The night was chaotic because of the death of Ly Van Luong 1The night was chaotic because of the death of Ly Van Luong 1

At around 10:00 p.m. on February 6 (local time), the rumor that ophthalmologist Ly Van Luong died of acute pneumonia caused by the new coronavirus (nCoV) spread quickly on Chinese social networks.

Doctor Ly Van Luong before and after being infected with nCoV.

At 10:40 p.m., the Global Times newspaper of People’s Daily, the mouthpiece of the Chinese Communist Party, confirmed on Twitter that Li had passed away.

Around 11:30 p.m., the World Health Organization (WHO) expressed `deep sadness` about the incident on Twitter, but quickly deleted the post.

The turning point occurred at 0:38 a.m. on February 7, when Wuhan Central Hospital announced that Ly was alive, but in critical condition and doctors were trying their best to cure him.

Global Times at 0:57 tweeted that Ly `is still receiving emergency treatment, reporters heard crying in the intensive care room`, adding that the doctor had a cardiac arrest at around 9:30 pm the previous night.

However, this move is said to only be intended to appease public anger.

This information was later proven through many social media posts, including screenshots of conversations between doctors, showing that the hospital tried to resuscitate Ly to avoid people’s anger.

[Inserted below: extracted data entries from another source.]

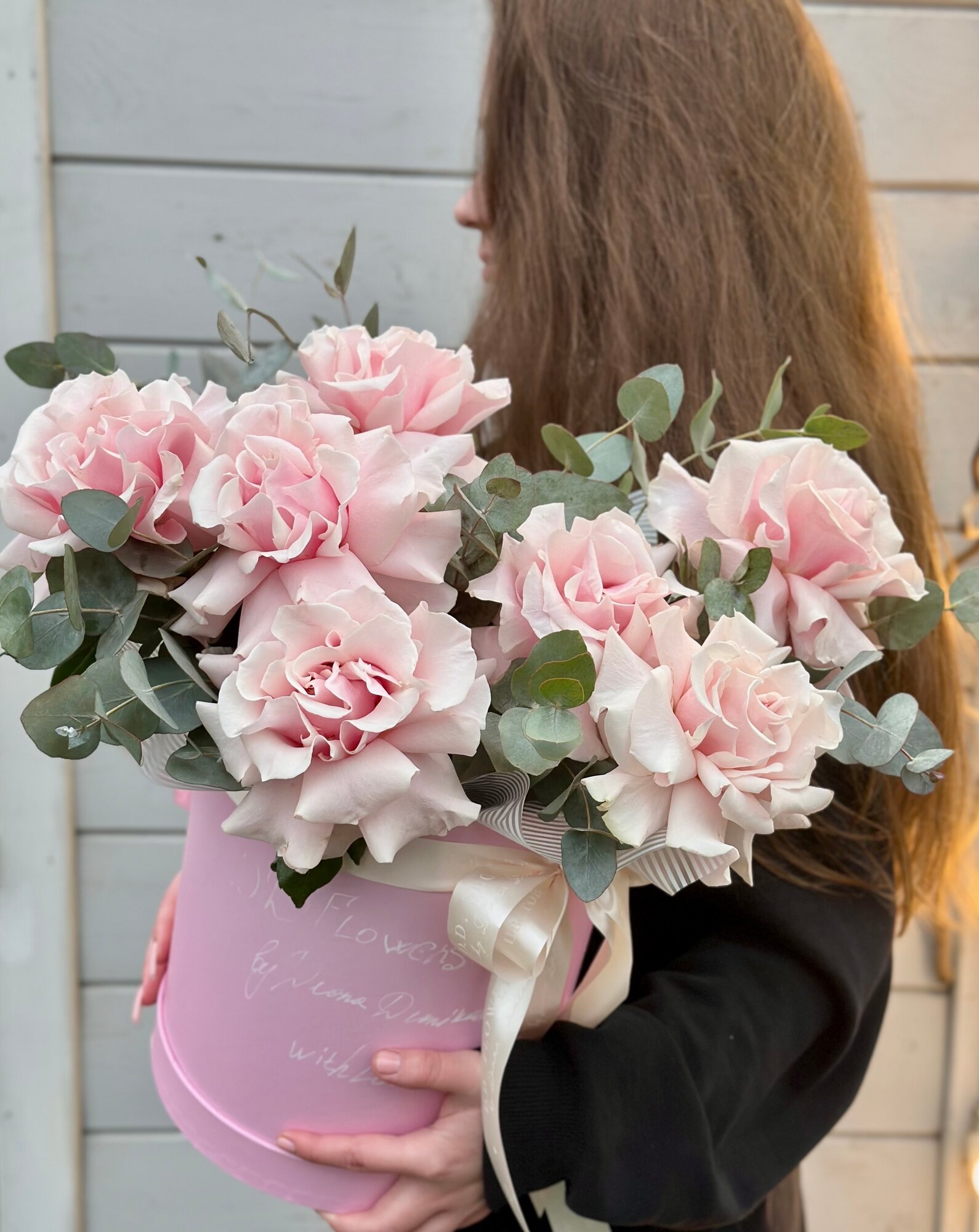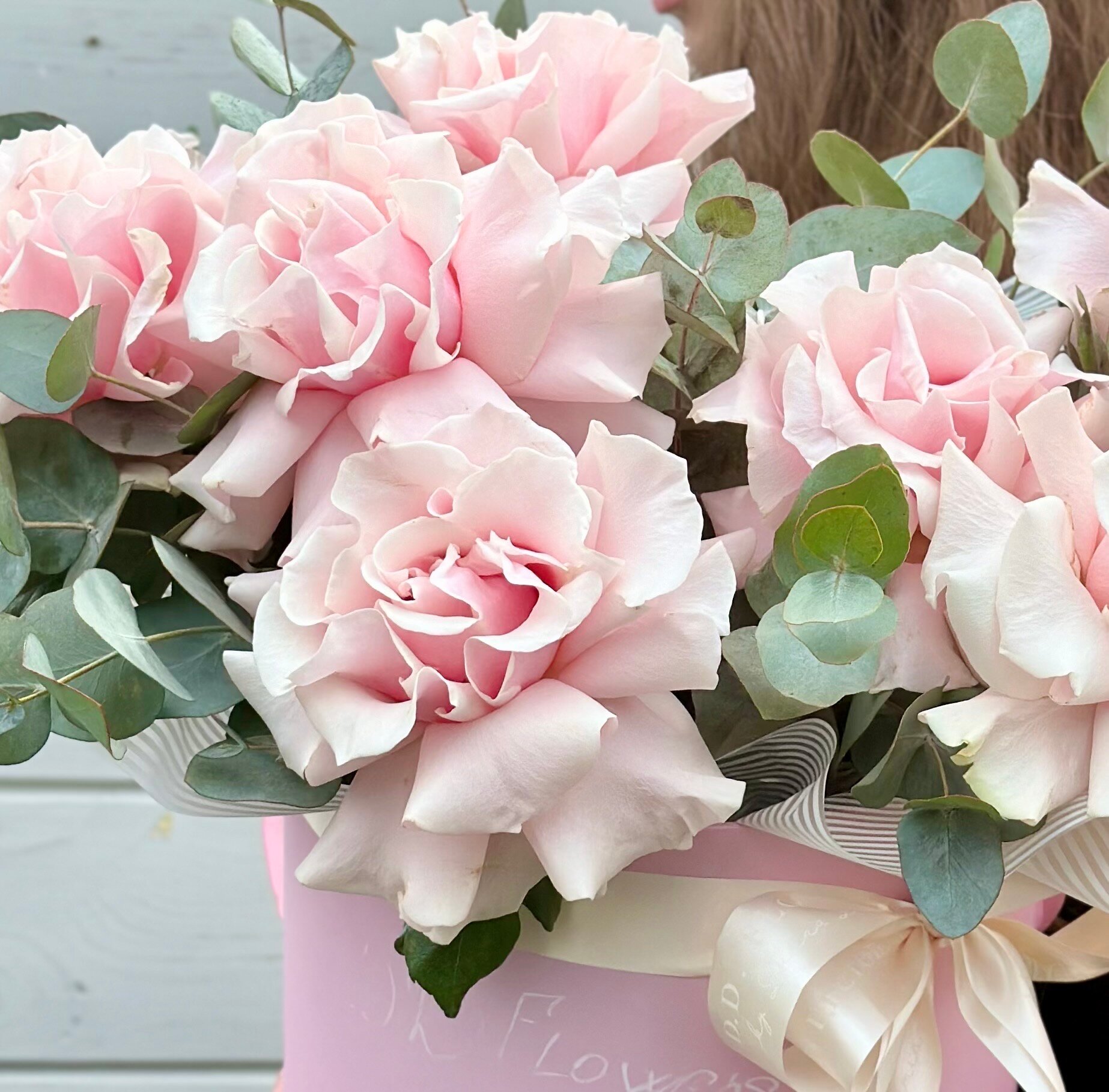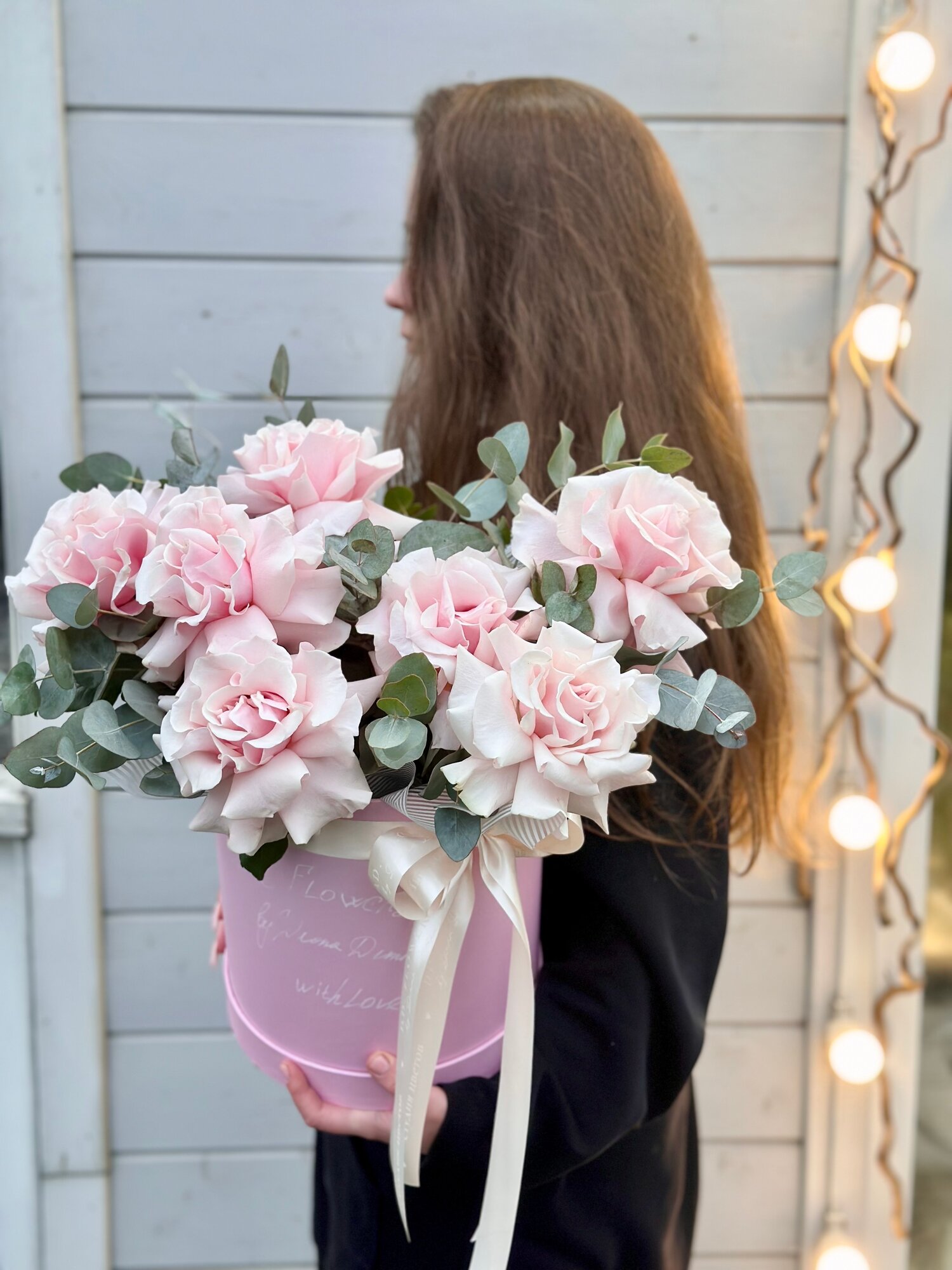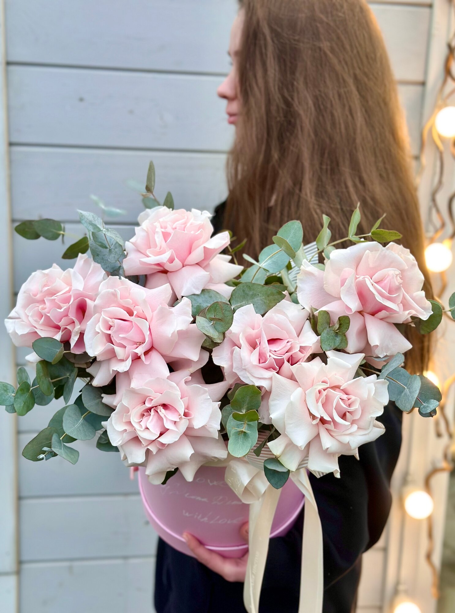 Французские розы розовые с эвкалиптом в шляпной коробке и атласной лентой, композиция розы 7 штук, "S"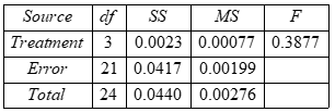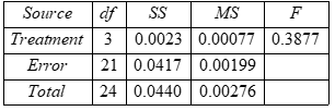 d. use a one-way ANOVA test to decide, at the\(5%\) significance level whether, the data provide sufficient evidence to conclude that a difference exists among the means of the populations from which the samples were taken.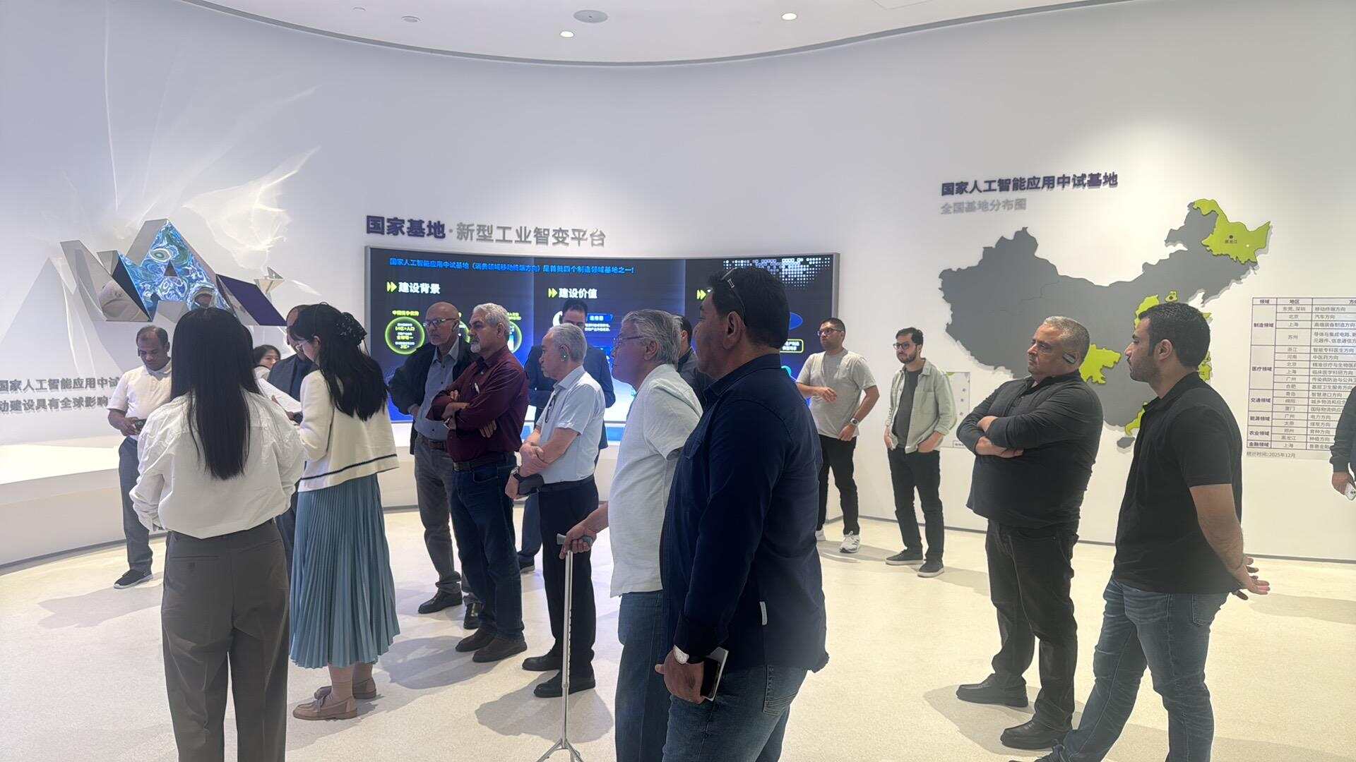 上午,考察团首站来到国家人工智能应用中试基地。成员们近距离观摩了人工智能技术从研发到规模化落地的全链条体系及多元化应用场景,并详细了解了机器人在智能制造、智慧服务等领域的创新成果。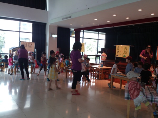 這種熱鬧滾滾的場景可不是花園夜市,而是小朋友們真實的扮演小吃攤老板與顧客,各個攤位賣的可都是真正美味的米食好料理。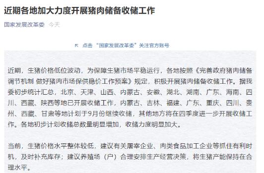 近期,生豬價(jià)格低位波動(dòng),為保障生豬市場平穩(wěn)運(yùn)行,各地按照《完善政府豬肉儲(chǔ)備調(diào)節(jié)機(jī)制 做好豬肉市場保供穩(wěn)價(jià)工作預(yù)案》規(guī)定,積極開展豬肉儲(chǔ)備收儲(chǔ)工作。據(jù)我委初步統(tǒng)計(jì)匯總,北京、天津、山西、內(nèi)蒙古、安徽、湖北、湖南、廣東、海南、四川、西藏、陜西等地已開展收儲(chǔ)工作,內(nèi)蒙古、吉林、福建、廣東、重慶、四川、貴州、西藏、甘肅等地計(jì)劃于9月份繼續(xù)收儲(chǔ),其他地方將在四季度進(jìn)一步開展收儲(chǔ)工作。各地初步計(jì)劃收儲(chǔ)總數(shù)量明顯增加,收儲(chǔ)力度明顯加大。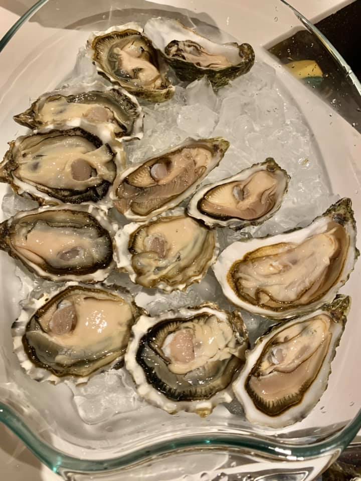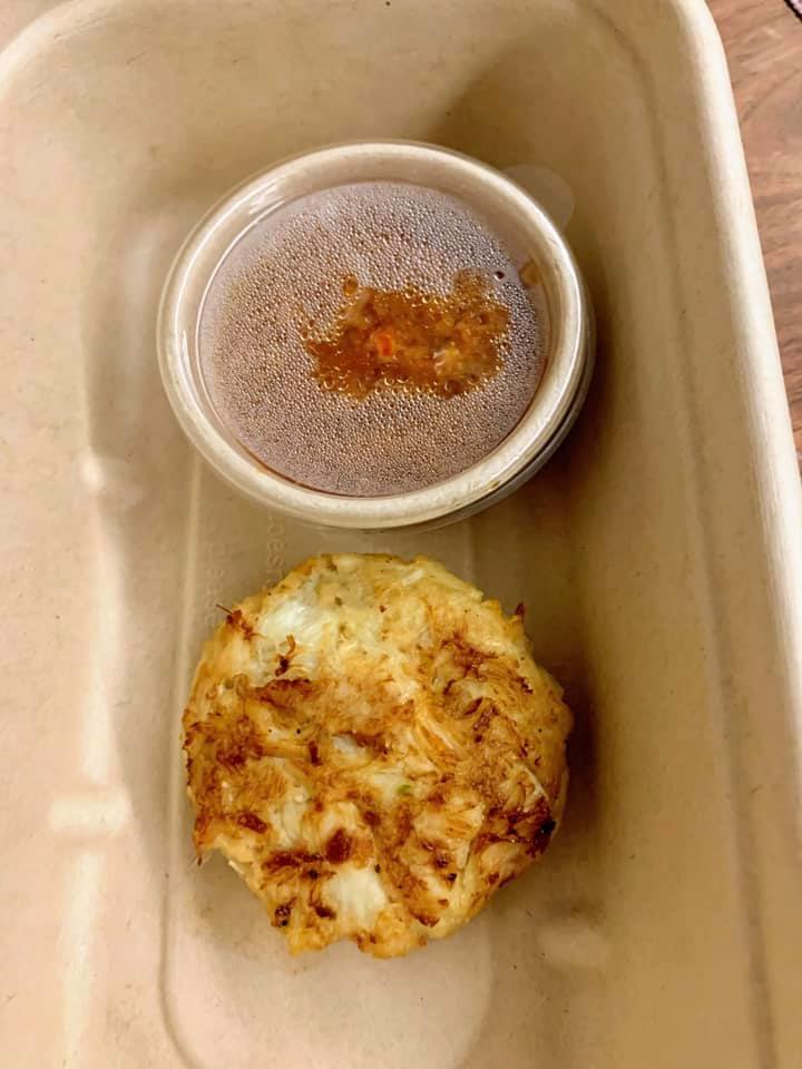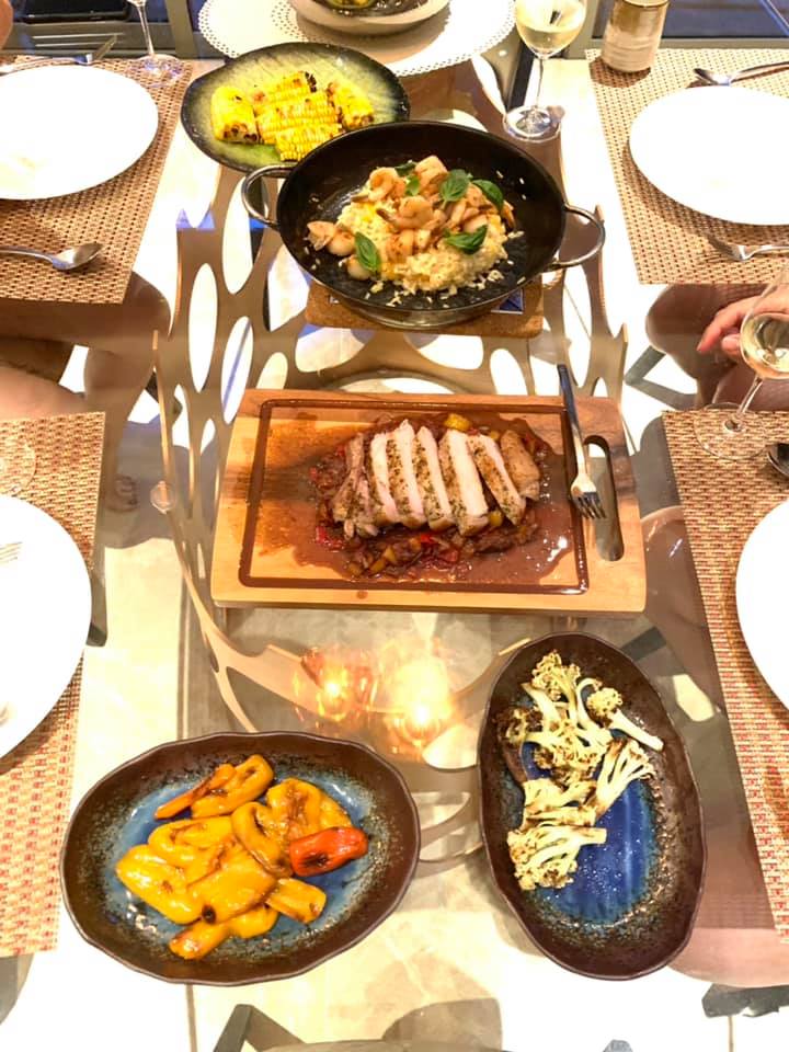 aunty bes made grilled peppers, long stem cauliflower & sweet corn. also calamari & deepfried lotus roots both very good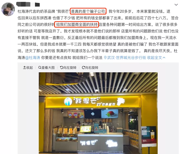 但加盟商們怨聲載道,控訴品牌騙錢不負責任,沒有按照約定的內容進行扶持。
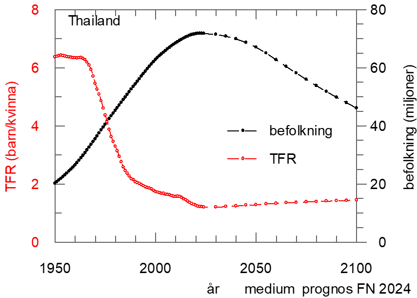 På 20 år, från 1960 till 1980, lyckades Thailand med sitt familjeplaneringsprogram minska antalet födda barn per kvinna från över 6 till under 2. Med kreativitet och humor lyckades man på frivillig väg vända utvecklingen. https://overpopulation-project.com/thailand-success-story-family-planning-with-creativity-and-humor/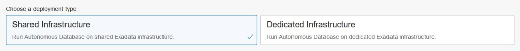 Autonomous Databases have the following Exadata infrastructure options: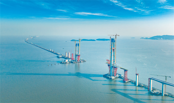 世界最长跨海高速铁路桥——杭州湾跨海铁路大桥正加快推进建设。该桥全长29.2公里,设计时速350公里,是江苏南通至浙江宁波高铁的控制性工程,建成后将进一步完善...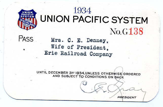 Railroad Annual Pass - Union Pacific R.R., 1934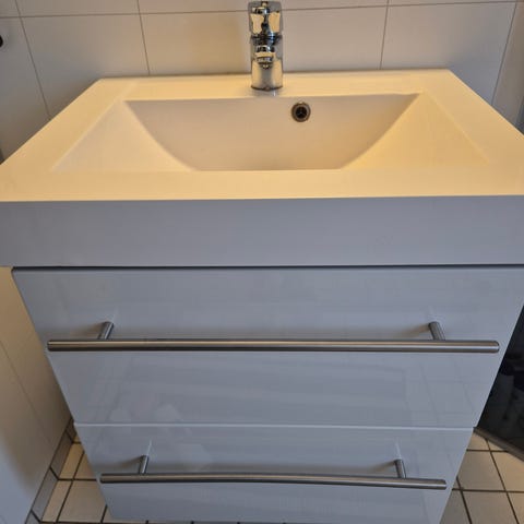 Servantskap med to skuffer og integrert vask. Servantbatteri fra Grohe. Fra 2021. Pent brukt

However, the wave of outrage on Chinese social networks did not stop but continued to rise at around 2:00 a.m., when the phrase `We want freedom of speech` became a trend on Weibo, but was later censored.

At 3:48 a.m., Wuhan Central Hospital announced on Weibo that Dr. Li passed away at 2:58 a.m. despite efforts to save him.

The series of conflicting information about Dr. Ly’s health status seems to `deepen` the public’s pain.

The acute pneumonia epidemic originating from Wuhan city, Hubei province, was first announced by the government on December 31, 2019.

On December 30, 2019, Dr. Ly sent a message to a WeChat chat group of 150 doctors who are former classmates, warning about 7 cases of virus infection that he thought were similar to SARS (severe acute respiratory syndrome).

That night, Wuhan officials summoned Ly after discovering the message.

`As a journalist, I avoid writing that the time of Dr. Ly’s death was the early morning of February 7,` Muyi Xiao, editor of the online magazine ChinaFile, wrote on Twitter.

`After waking up tomorrow, I beg everyone not to forget what happened last night, for the sake of my own future,` one Weibo account wrote.